- Born: Deborah Palmer 1951
- Disappeared: September 8, 1970 North Dallas, Texas, U.S.
- Education: Palm Springs High School
- Occupation: Model
- Height: 5 ft 8 in (173 cm)
- Parent: Ann Palmer

= Debbie Palmer =

American woman who disappeared in 1970

Debbie Palmer was an American teenager, the daughter of actress Ann Palmer and worked as a model in California and Texas before her disappearance in the fall of 1970 shortly before her 19th birthday.

== Early life and career ==
Palmer was born in 1951, the only child of actress and model Ann Palmer, who become a single mother after leaving her college sweetheart-husband in Dallas. When Debbie was three years old her mother moved them from Dallas to Hollywood, with frequent stays with Ann's parents in Terrell, Texas, where Debbie and her cousin Sharon grew up like best friends. Debbie loved riding horses and competing in beauty pageants. She was a in Miss California contest and many Desert contests, placing in all. She won “Sweetheart of Mounted Police Rodeo” in 1969 and "World's Ideal Miss" of the Red River District's Our Little Miss pageant in 1970. She graduated from Palm Springs High School while working as a model in Los Angeles and Palm Springs, California. She intended to start college, but waited too late to register, so took a job in a Beverly Hills stock broker's office. Shortly before her 19th birthday, Debbie returned to the Dallas area, getting an apartment with a friend in the Carrawood complex in North Dallas, where her neighbors crowned her "Miss Carrawood".

== Disappearance ==
While Debbie lived in an apartment in Richardson, Texas. her mother was in Europe but received a call from her father, W.H. Palmer in Terrell, Texas that no one heard from Debbie in a week and was expected to be returning from a visit to Janet LaLanne, Jack's daughter but upon Sharon meeting her flight, she was not there. Ann Palmer trove to get a flight out of Düsseldorf, Germany but was delayed for a weekend, giving her hope she would get word Debbie was O.K. The following Monday, her mother took a flight from Europe to Dallas. For the month prior to her disappearance, Debbie had been visiting with the daughter of Jack LaLanne in Palm Springs and Hollywood.

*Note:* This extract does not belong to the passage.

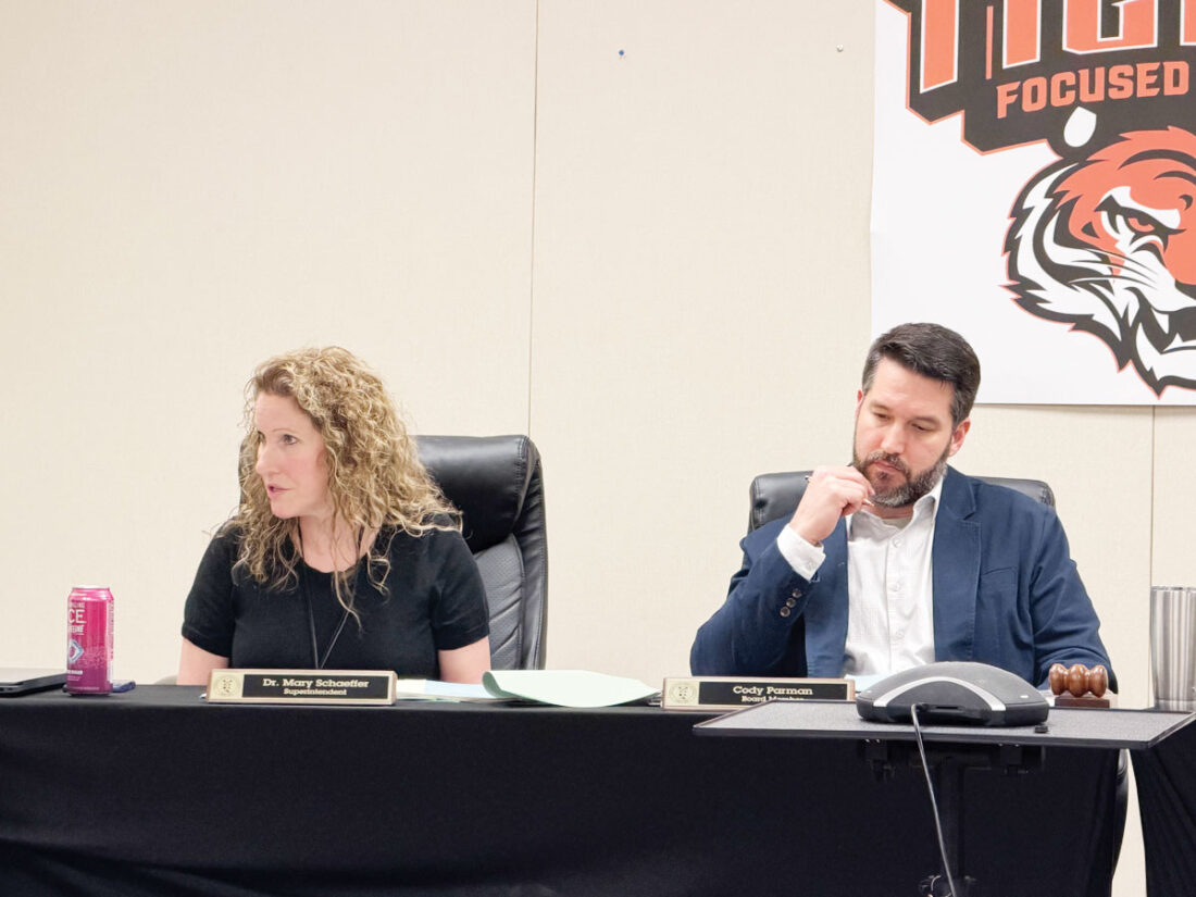 - Marietta City Schools Superintendent Mary Schaeffer, left, shares district updates with board members and the audience as Board of Education President Cody Parman, right, listens during Monday’s board meeting. (Photo by Amber Phipps)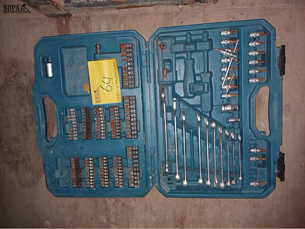 Materiaalkoffer met ringsleutels en bitsen, niet compleet

Debbie Palmer was last seen at 8:30 p.m. on September 8, 1970, walking between apartments in the courtyard of the Carrawood Apartments. When she was reported missing four days later, the Dallas police told her family that they could not do anything about it as Debbie was over 18 years of age, despite the fact that within the previous year four other women had gone missing from the North Dallas area and been found dead, all beaten, stabbed, and mutilated before being left on the side of the road. Her mother believed that if Debbie was abducted it would have been someone she knew, as she knew and was friends with almost everyone in the area. At the end of September 1970, the Plano Police department called Ann Palmer to tell her that motorists discovered her daughter's suitcase and rings between Richardson and Plano, Texas. The police just wanted Ann to come pick them up and when she did Ann noticed that some of Debbie's items were missing, including her purse.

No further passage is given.